» **Task statement**: Output only the lines below from the one containing "Misterio encarna la" to the one containing "115 ±10 гр,100% п/э", exactly as written, both ends kept.

» **Input**:
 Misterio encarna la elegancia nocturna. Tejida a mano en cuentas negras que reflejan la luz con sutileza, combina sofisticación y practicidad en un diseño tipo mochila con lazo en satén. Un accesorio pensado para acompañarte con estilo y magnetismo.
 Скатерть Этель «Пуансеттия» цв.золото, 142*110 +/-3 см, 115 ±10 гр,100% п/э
--
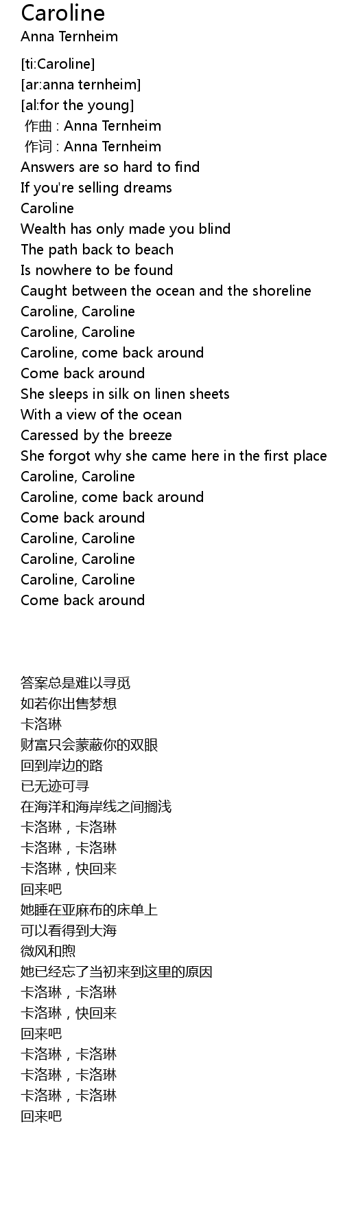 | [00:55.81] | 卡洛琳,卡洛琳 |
...
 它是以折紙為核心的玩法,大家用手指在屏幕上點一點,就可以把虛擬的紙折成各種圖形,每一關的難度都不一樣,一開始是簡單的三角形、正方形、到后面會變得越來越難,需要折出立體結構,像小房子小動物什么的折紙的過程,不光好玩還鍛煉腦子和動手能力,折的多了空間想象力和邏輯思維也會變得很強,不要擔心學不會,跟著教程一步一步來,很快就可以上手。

» **Your response**:
 Misterio encarna la elegancia nocturna. Tejida a mano en cuentas negras que reflejan la luz con sutileza, combina sofisticación y practicidad en un diseño tipo mochila con lazo en satén. Un accesorio pensado para acompañarte con estilo y magnetismo.
 Скатерть Этель «Пуансеттия» цв.золото, 142*110 +/-3 см, 115 ±10 гр,100% п/э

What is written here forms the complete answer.